Son süreçteki tartışmalı tutuklamalar neticesi cezaevlerinde Risale-i Nur okuyan insanların sayısı arttı. Haliyle risale talepleri de çoğaldı.
Kimi cezaevi yönetimleri bu taleplerin iletilmesine ve karşılanmasına yardımcı olurken, bazı yerlerde engellemeler oldu.
Hattâ Kur’an ve Cevşenler için de.
Bu husustaki gelişmeleri hayli zamandır yakından takip ediyor ve engellerin aşılması için çabalarımızı sürdürüyorduk.
Konuyla doğrudan ilgili olan yetkililerle yaptığımız son temaslarda, inisiyatifin cezaevi yönetimlerine bırakıldığı gibi, tuhaf ve anlaşılmaz bir cevapla karşılaştık.
İzmir’deki bir cezaevinde yaşanan ve dünkü manşetimize konu olan skandal işte böyle bir ortamda gündeme düştü.
Koğuşlardaki risaleleri “Fetö-PDY yapılanmasına kaynaklık ettikleri, içeride gruplaşmaya yol açarak kurum güvenliğini tehlikeye soktukları ve halkı kin ve düşmanlığa tahrik ettikleri” gibi akla ziyan gerekçelerle toplatma kararı alan Cezaevi Eğitim Kurulunun ve karara yapılan itirazı aynı gerekçelerle reddeden İnfaz Hakimliğinin tavrı, “Hangi devirde yaşıyoruz?” dedirten bir garabet örneği.

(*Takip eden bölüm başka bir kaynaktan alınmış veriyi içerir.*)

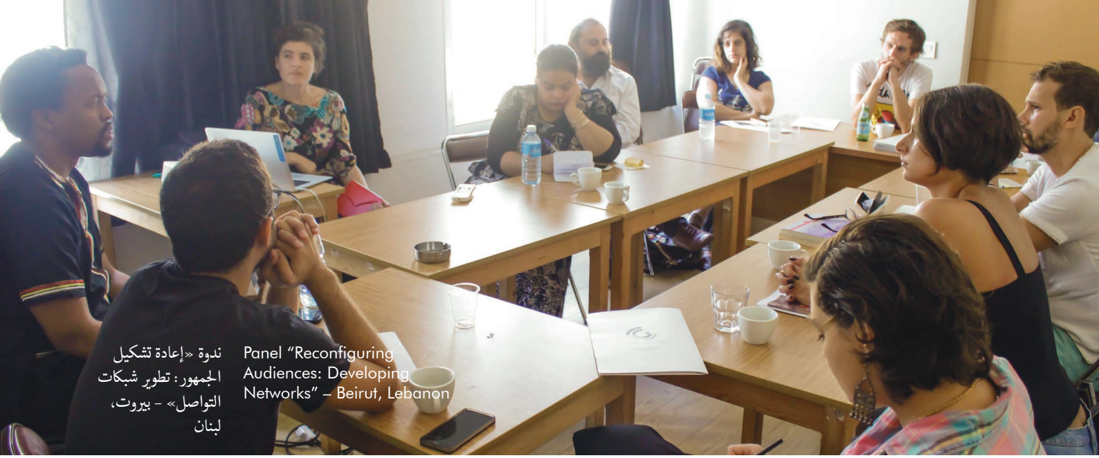
ندوة «إعادة تشكيل الجمهور: تطوير شبكات التواصل» - بيروت، لبنان Panel "Reconfiguring Audiences: Developing Networks" - Beirut, Lebanon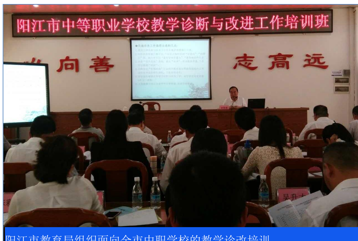
阳江市教育局组织面向全市中职学校的教学诊改培训

研究专家、行业企业专家等参与到“阳江市中职学校教学工作诊断与改进专家委员会”；组织召开全市中职学校教学工作诊改推进会。

Hukuk dışı ve keyfî uygulamaların iyice arttığı bir süreçte bunlara tüy diken söz konusu karar ve uygulamanın, Türkiye’yi 30’lu yılların tek şef sistemine döndürecek bir sistem değişikliği dayatmasıyla eşzamanlı olarak gündeme getirilmiş olması da son derece manidar, değil mi?
O yıllarda da Risale-i Nur yasak kitap muamelesi görüyor; Bediüzzaman’la talebeleri ağır baskılara maruz kalıyordu.
İşin bir diğer ilginç tarafı, İzmir’deki bu kararın, külliyattan bazı eserlerin Diyanet tarafından basıldığı ve bu durumun bizzat Cumhurbaşkanınca seçim meydanlarında halka ilan edilip “sahiplenildiği” bir süreçte gündeme getirilmiş olması.
Bandrol engeli ve devlet tekeli başarılı olamayınca eski yasağı hortlatmaktan medet umup, 2004 MGK kararlarının icrasında yeni bir aşamaya geçmenin hesabını yapanlar varsa boşuna uğraşıyorlar.
“Güç bende” dedikleri ve öyle zannettikleri zamanlarda bile yapamadıkları şeyi şimdi mi başaracaklar?! Asla ve kat’a.
28 Şubatçıların gündeme dahi getiremediği bir yasağa soyunan 15 Temmuz OHALcileri boşa kürek çekiyor. Tarih geriye doğru akmaz.
Cezaevindeki Risale-i Nur yasağının Diyanet baskılarıyla sınırlı olarak kaldırılacağı bilgisi geldi. Diyanet sadece 5 eseri bastı...
Şualar, Tarihçe-i Hayat, Barla-Kastamonu-Emirdağ Lâhikaları, Muhakemat, Asa-yı Musa, Sikke-i Tasdik, Eski Said Eserleri... ne olacak?